Assigned task :: Only the pictures are to be dropped; the rest of the data below is to be duplicated exactly.

Source data ::
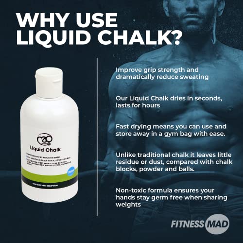 Specification: Fitness Mad VLOEIBARE CHALK, extra sterkte en zweetvrije hand, krijt voor klimmen, gewichtheffen en crossfit, gemaakt in…
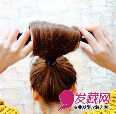 适合大脸女生的可爱丸子头盘发步骤四:放进去后把盘发器往山卷起,注意卷的时候不要太紧,不然盘出来的丸子头就会显得太死板。
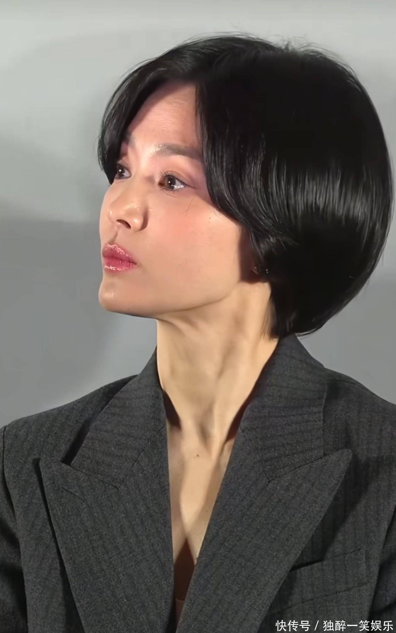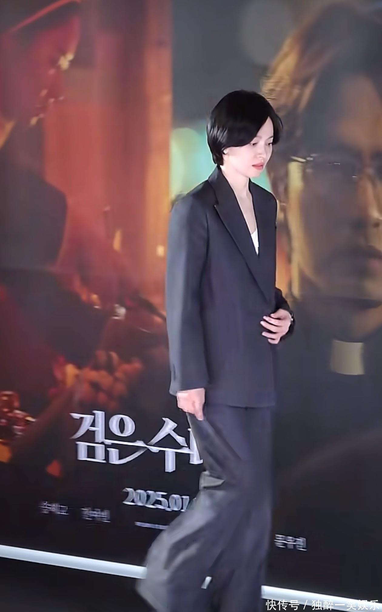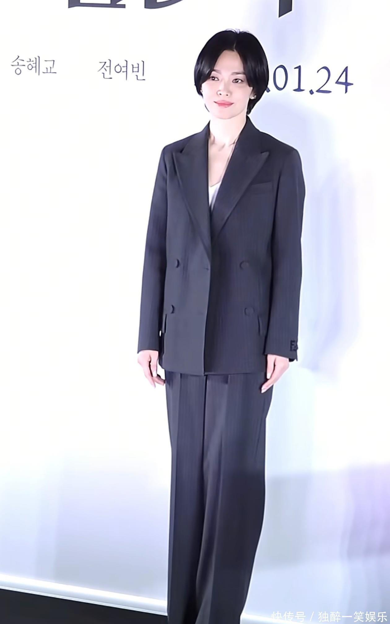 只要不是花花绿绿的颜色,其他颜色像黑色、白色、灰色的西服套装穿身上都尽显干练利落。这身穿搭衬的人更挺拔,有气场。你发现没,宋慧乔的发量不少,这点也让人特羡慕!

Expected answer ::
 Specification: Fitness Mad VLOEIBARE CHALK, extra sterkte en zweetvrije hand, krijt voor klimmen, gewichtheffen en crossfit, gemaakt in…
 适合大脸女生的可爱丸子头盘发步骤四:放进去后把盘发器往山卷起,注意卷的时候不要太紧,不然盘出来的丸子头就会显得太死板。
 只要不是花花绿绿的颜色,其他颜色像黑色、白色、灰色的西服套装穿身上都尽显干练利落。这身穿搭衬的人更挺拔,有气场。你发现没,宋慧乔的发量不少,这点也让人特羡慕!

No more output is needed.